(Data excerpt Opens)

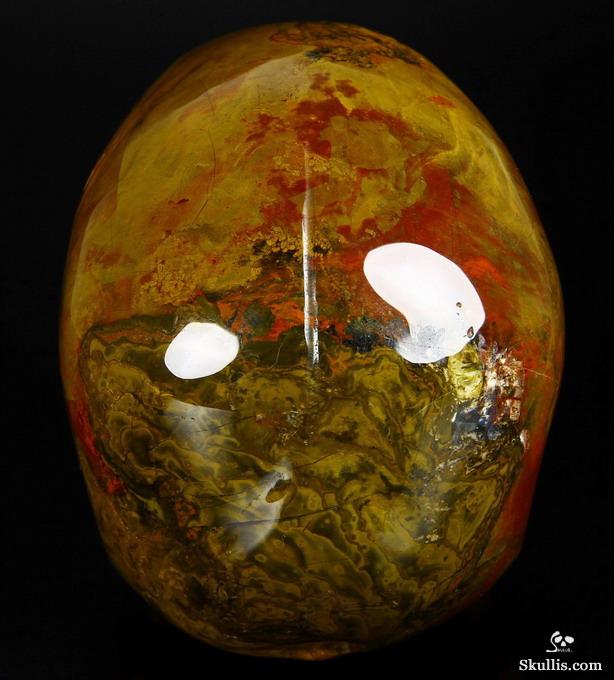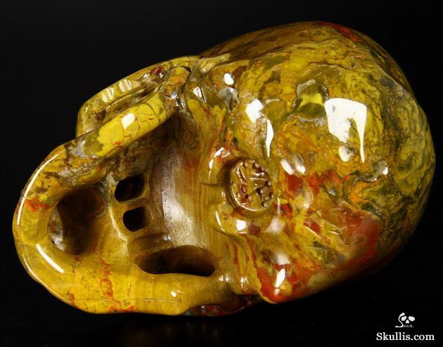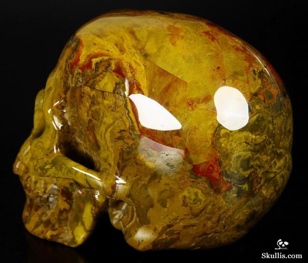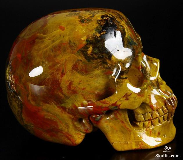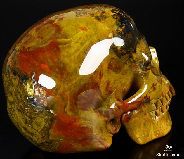 5.1" Colorful Petrified Wood Hand Carved Crystal Skull and Scorpion Fine Art Sculpture, Crystal Healing
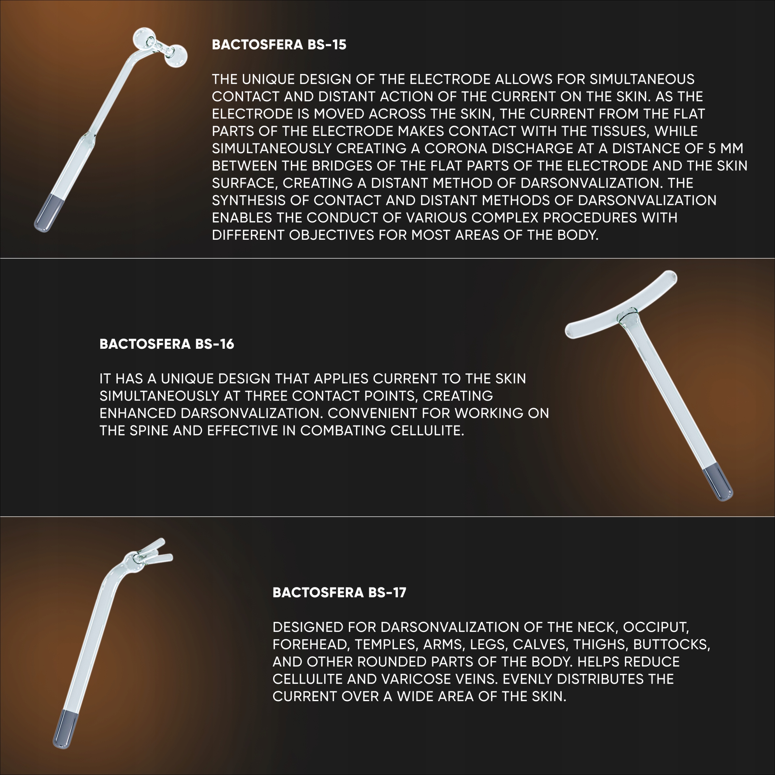darsonval bactosphere bs-14 "t"-умова має широку ділянку покриття шкіри і призначений для плоских ділянок тіла (спина, поперек, грудка, шлунок, кінцівки). І віддалений ". Унікальна структура електрода дозволяє одночасно контактувати та віддалений ефект на шкіру. Проходячи електрод по шкірі, електроенергія з сферичних частин електрода потрапляє в тканину в контактний спосіб, тоді як коронний розряд відбувається на відстані 5 мм між зведеними сферичними частинами електрода та поверхнею шкіри, створюючи дистанційну техніку. Дарсонізація дозволяє проводити багато складних процедур для більшості частин тіла. Дарсоналізація Bactosphere BS-17 "дуга" призначена для дарсонізації шиї, задньої частини голови, лоба, храму, рук, ног, гомілки, стегон, сідниць та інших закруглених частин тіла поглинає целюліт і варикозні вени.
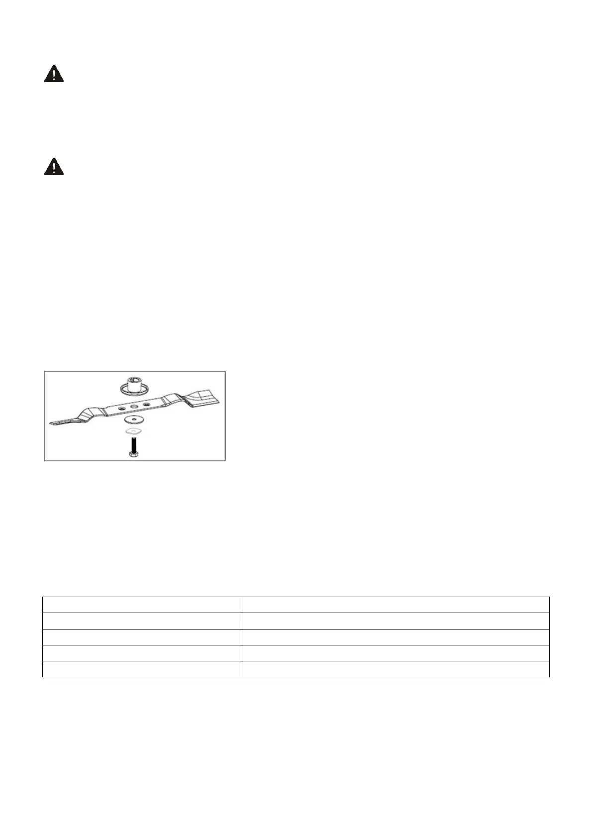 balance will result in excessive vibration causing eventual damage to the engine and mower. The blade can
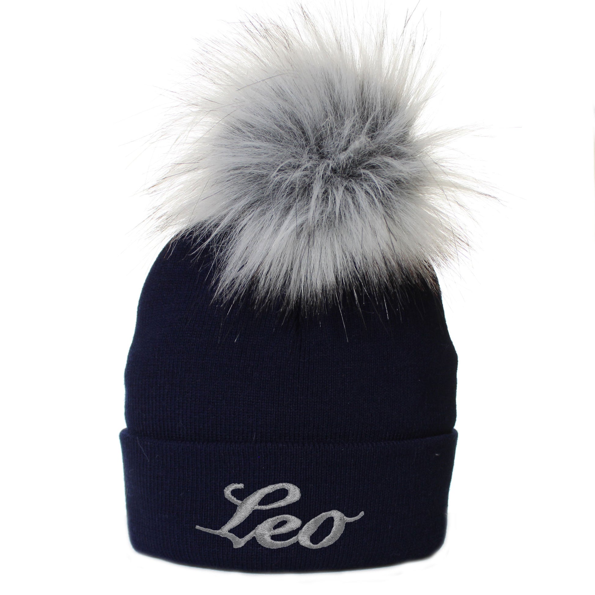 Personalised Navy Pom Hat - 1 to 6 years - Toddlers

(Data excerpt Closes)

Each line of the data above needs to be retyped as it is, without any picture.

 5.1" Colorful Petrified Wood Hand Carved Crystal Skull and Scorpion Fine Art Sculpture, Crystal Healing
darsonval bactosphere bs-14 "t"-умова має широку ділянку покриття шкіри і призначений для плоских ділянок тіла (спина, поперек, грудка, шлунок, кінцівки). І віддалений ". Унікальна структура електрода дозволяє одночасно контактувати та віддалений ефект на шкіру. Проходячи електрод по шкірі, електроенергія з сферичних частин електрода потрапляє в тканину в контактний спосіб, тоді як коронний розряд відбувається на відстані 5 мм між зведеними сферичними частинами електрода та поверхнею шкіри, створюючи дистанційну техніку. Дарсонізація дозволяє проводити багато складних процедур для більшості частин тіла. Дарсоналізація Bactosphere BS-17 "дуга" призначена для дарсонізації шиї, задньої частини голови, лоба, храму, рук, ног, гомілки, стегон, сідниць та інших закруглених частин тіла поглинає целюліт і варикозні вени.
 balance will result in excessive vibration causing eventual damage to the engine and mower. The blade can
 Personalised Navy Pom Hat - 1 to 6 years - Toddlers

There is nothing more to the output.